AIM OF THE TASK: The required output is the exact run of lines in the listing below from the line holding "Душевая дверь в" through the line holding "首節(jié)比賽,夢十不斷", with no pictures.

SUPPLIED ENTRIES:
*** Begin section ***

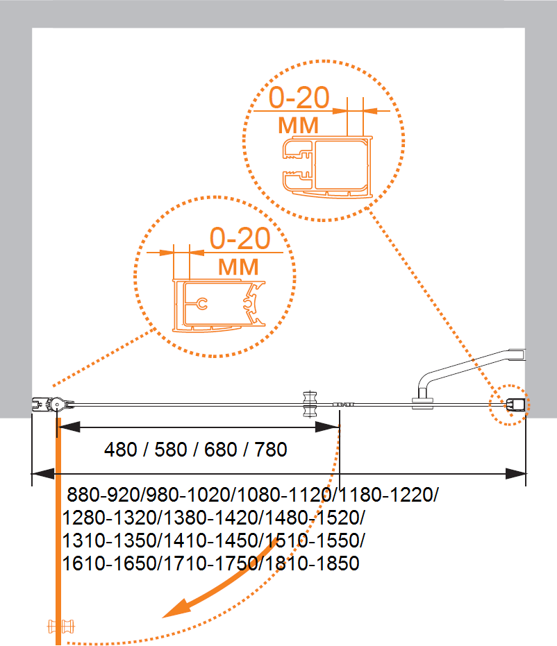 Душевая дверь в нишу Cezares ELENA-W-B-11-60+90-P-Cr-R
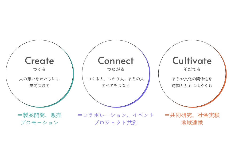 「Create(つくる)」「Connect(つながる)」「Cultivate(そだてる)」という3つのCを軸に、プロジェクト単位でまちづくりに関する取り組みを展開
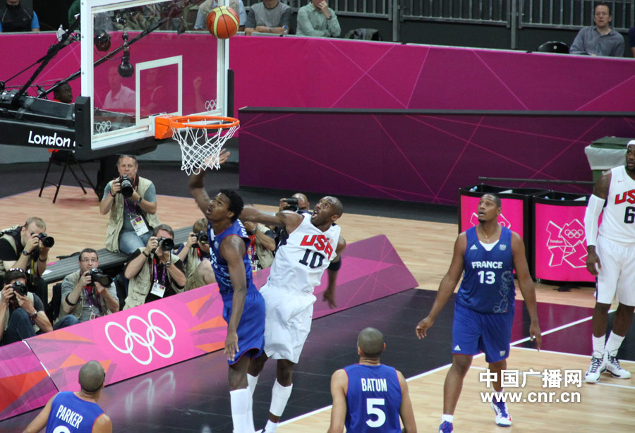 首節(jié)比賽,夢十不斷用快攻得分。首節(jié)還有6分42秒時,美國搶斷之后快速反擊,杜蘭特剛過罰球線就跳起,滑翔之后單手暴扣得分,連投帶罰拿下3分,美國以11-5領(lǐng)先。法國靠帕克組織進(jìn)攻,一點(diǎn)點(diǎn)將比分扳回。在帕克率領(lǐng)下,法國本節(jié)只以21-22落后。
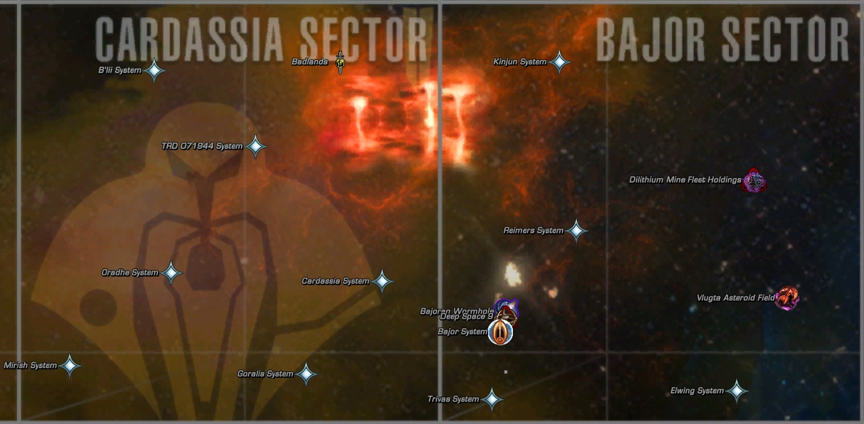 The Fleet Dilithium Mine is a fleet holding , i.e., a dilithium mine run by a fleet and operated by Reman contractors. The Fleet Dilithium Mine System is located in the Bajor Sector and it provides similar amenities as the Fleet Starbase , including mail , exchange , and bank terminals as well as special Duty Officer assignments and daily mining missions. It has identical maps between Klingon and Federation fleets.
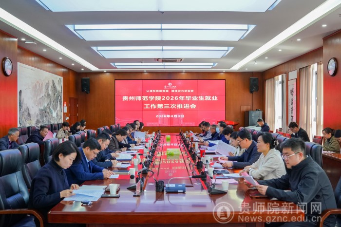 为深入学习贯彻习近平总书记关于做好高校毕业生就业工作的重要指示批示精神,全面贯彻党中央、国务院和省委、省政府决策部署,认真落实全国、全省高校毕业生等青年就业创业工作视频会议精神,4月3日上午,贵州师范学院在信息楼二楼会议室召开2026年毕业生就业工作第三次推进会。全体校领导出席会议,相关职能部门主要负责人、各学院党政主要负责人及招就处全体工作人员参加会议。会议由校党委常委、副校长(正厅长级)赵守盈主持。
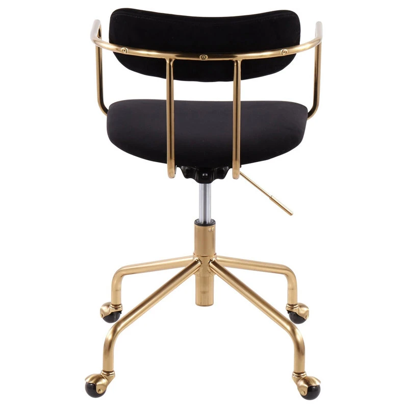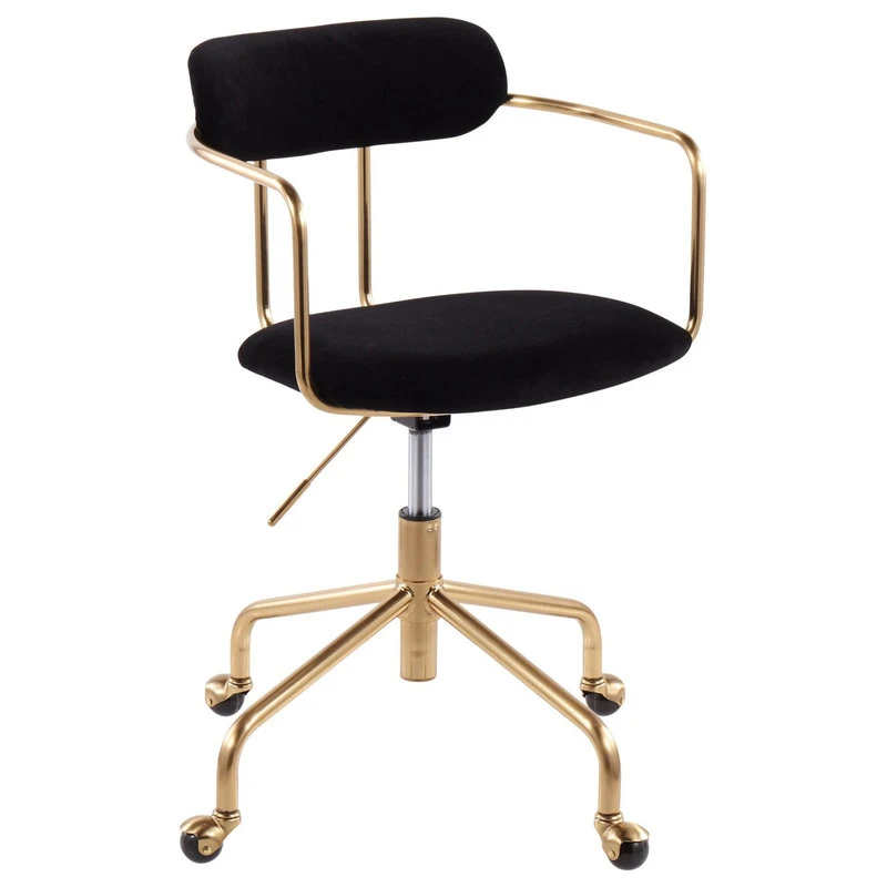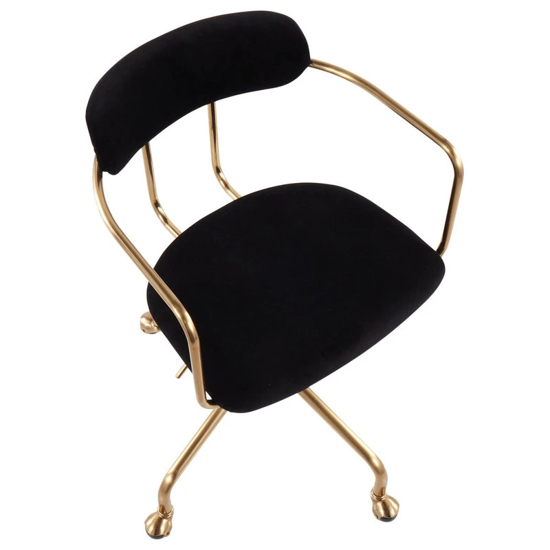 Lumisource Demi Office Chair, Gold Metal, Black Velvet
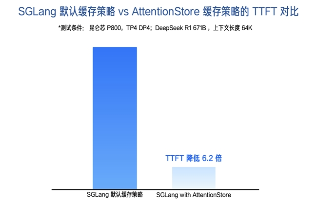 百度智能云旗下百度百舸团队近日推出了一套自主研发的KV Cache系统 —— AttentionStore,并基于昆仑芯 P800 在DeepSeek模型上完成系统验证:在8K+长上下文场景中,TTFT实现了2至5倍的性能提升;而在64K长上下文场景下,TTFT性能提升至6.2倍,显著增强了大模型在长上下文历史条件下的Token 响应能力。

*** End section ***
*** Begin section ***

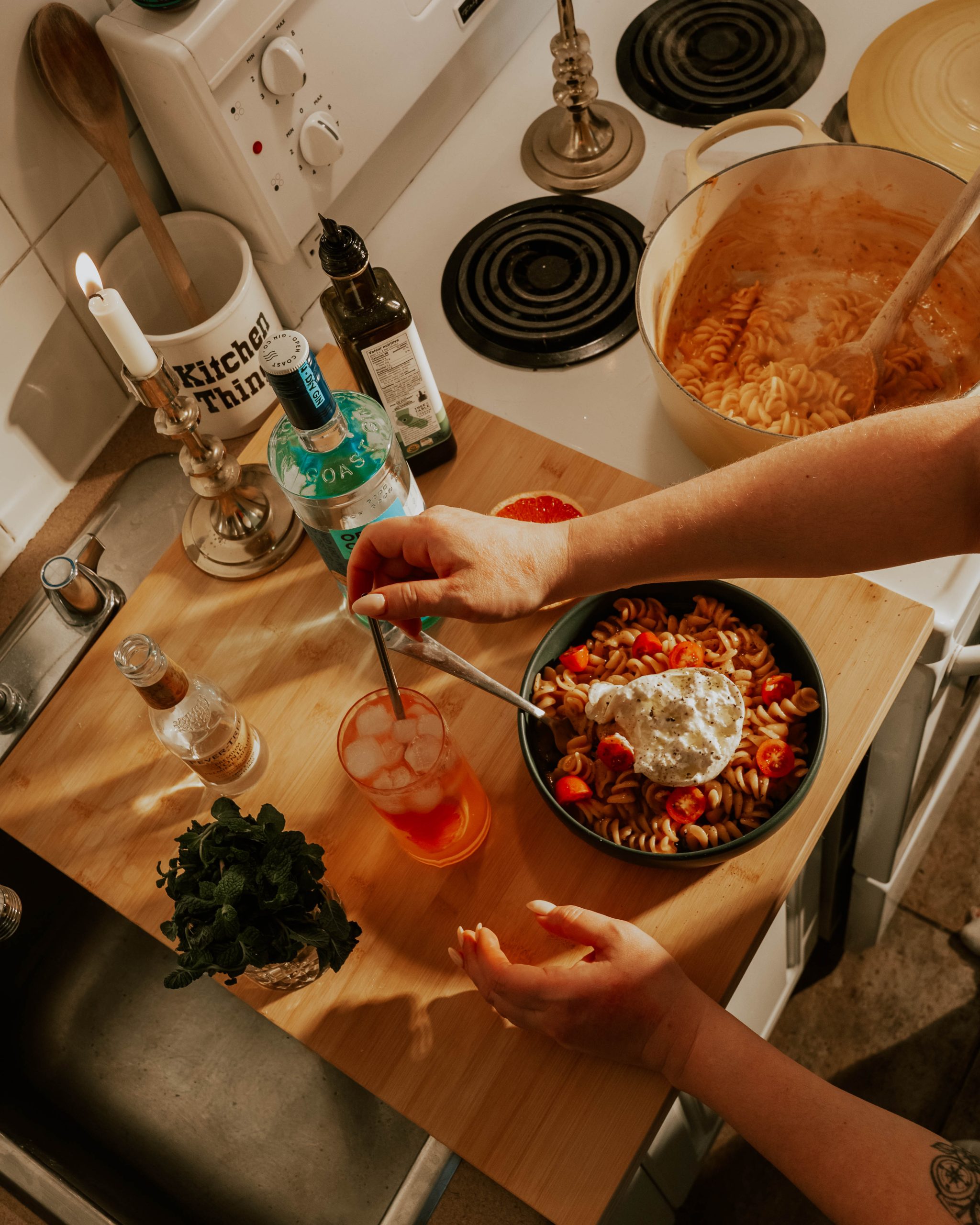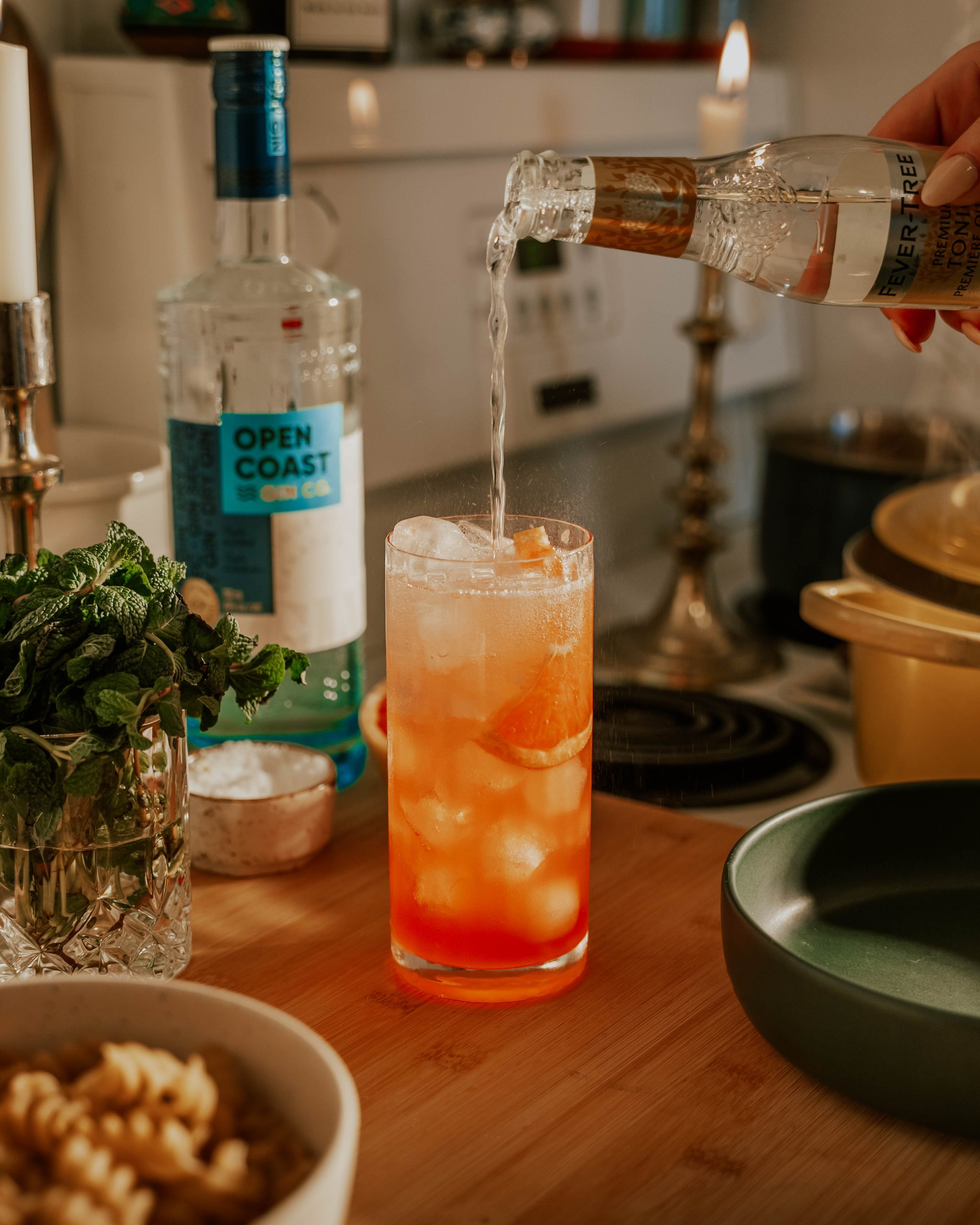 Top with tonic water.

*** End section ***
*** Begin section ***

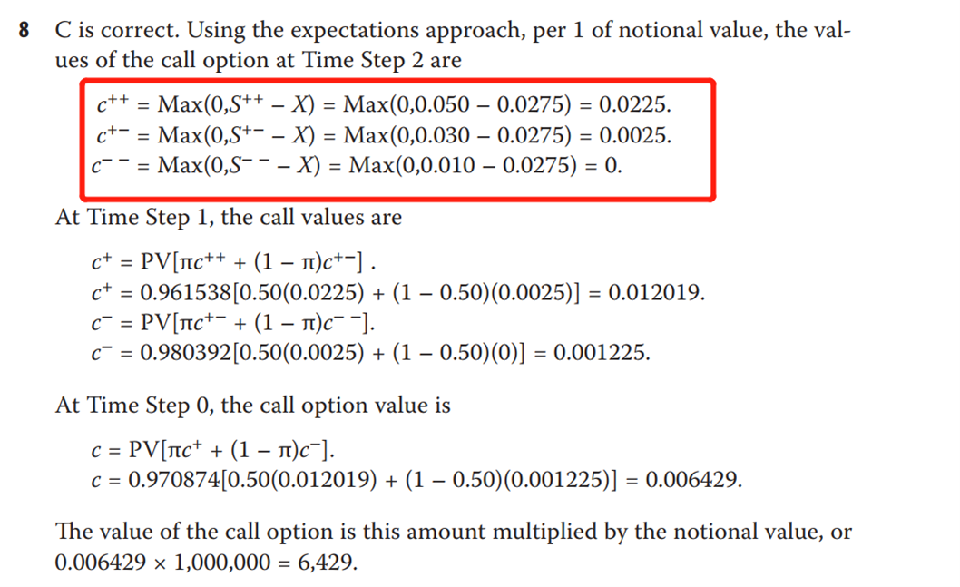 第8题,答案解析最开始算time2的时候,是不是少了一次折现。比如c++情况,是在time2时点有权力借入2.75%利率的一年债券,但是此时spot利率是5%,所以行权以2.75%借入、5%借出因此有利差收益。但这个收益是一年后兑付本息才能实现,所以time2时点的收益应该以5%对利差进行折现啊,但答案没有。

*** End section ***

WRITTEN ANSWER:
 Душевая дверь в нишу Cezares ELENA-W-B-11-60+90-P-Cr-R
 「Create(つくる)」「Connect(つながる)」「Cultivate(そだてる)」という3つのCを軸に、プロジェクト単位でまちづくりに関する取り組みを展開
 首節(jié)比賽,夢十不斷用快攻得分。首節(jié)還有6分42秒時,美國搶斷之后快速反擊,杜蘭特剛過罰球線就跳起,滑翔之后單手暴扣得分,連投帶罰拿下3分,美國以11-5領(lǐng)先。法國靠帕克組織進(jìn)攻,一點(diǎn)點(diǎn)將比分扳回。在帕克率領(lǐng)下,法國本節(jié)只以21-22落后。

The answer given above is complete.